◆ **Provided material**
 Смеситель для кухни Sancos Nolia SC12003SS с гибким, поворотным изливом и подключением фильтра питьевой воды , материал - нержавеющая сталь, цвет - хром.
---
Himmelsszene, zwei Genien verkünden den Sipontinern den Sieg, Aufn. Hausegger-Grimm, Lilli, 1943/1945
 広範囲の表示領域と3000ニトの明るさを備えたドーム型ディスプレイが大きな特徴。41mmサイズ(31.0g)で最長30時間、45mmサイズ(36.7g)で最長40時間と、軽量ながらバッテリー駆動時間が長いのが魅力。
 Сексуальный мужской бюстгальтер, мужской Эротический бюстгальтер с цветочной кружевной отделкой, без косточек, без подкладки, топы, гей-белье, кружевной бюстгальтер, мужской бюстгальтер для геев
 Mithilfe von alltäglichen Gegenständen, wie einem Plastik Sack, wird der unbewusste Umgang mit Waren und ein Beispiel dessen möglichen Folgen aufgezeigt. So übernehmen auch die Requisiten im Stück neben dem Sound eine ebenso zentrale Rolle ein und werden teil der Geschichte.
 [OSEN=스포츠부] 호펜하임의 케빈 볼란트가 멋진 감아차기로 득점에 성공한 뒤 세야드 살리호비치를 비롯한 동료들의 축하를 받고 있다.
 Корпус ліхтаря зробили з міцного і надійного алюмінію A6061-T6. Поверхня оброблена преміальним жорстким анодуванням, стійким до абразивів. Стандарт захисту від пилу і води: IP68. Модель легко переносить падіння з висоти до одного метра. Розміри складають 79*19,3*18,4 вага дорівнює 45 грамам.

◆ **Prompt**
Only one stretch of the data above is needed. Restate it word for word, from the line containing "Himmelsszene, zwei Genien" through the line containing "Корпус ліхтаря зробили", both ends included.

◆ **Output for this exercise**
Himmelsszene, zwei Genien verkünden den Sipontinern den Sieg, Aufn. Hausegger-Grimm, Lilli, 1943/1945
 広範囲の表示領域と3000ニトの明るさを備えたドーム型ディスプレイが大きな特徴。41mmサイズ(31.0g)で最長30時間、45mmサイズ(36.7g)で最長40時間と、軽量ながらバッテリー駆動時間が長いのが魅力。
 Сексуальный мужской бюстгальтер, мужской Эротический бюстгальтер с цветочной кружевной отделкой, без косточек, без подкладки, топы, гей-белье, кружевной бюстгальтер, мужской бюстгальтер для геев
 Mithilfe von alltäglichen Gegenständen, wie einem Plastik Sack, wird der unbewusste Umgang mit Waren und ein Beispiel dessen möglichen Folgen aufgezeigt. So übernehmen auch die Requisiten im Stück neben dem Sound eine ebenso zentrale Rolle ein und werden teil der Geschichte.
 [OSEN=스포츠부] 호펜하임의 케빈 볼란트가 멋진 감아차기로 득점에 성공한 뒤 세야드 살리호비치를 비롯한 동료들의 축하를 받고 있다.
 Корпус ліхтаря зробили з міцного і надійного алюмінію A6061-T6. Поверхня оброблена преміальним жорстким анодуванням, стійким до абразивів. Стандарт захисту від пилу і води: IP68. Модель легко переносить падіння з висоти до одного метра. Розміри складають 79*19,3*18,4 вага дорівнює 45 грамам.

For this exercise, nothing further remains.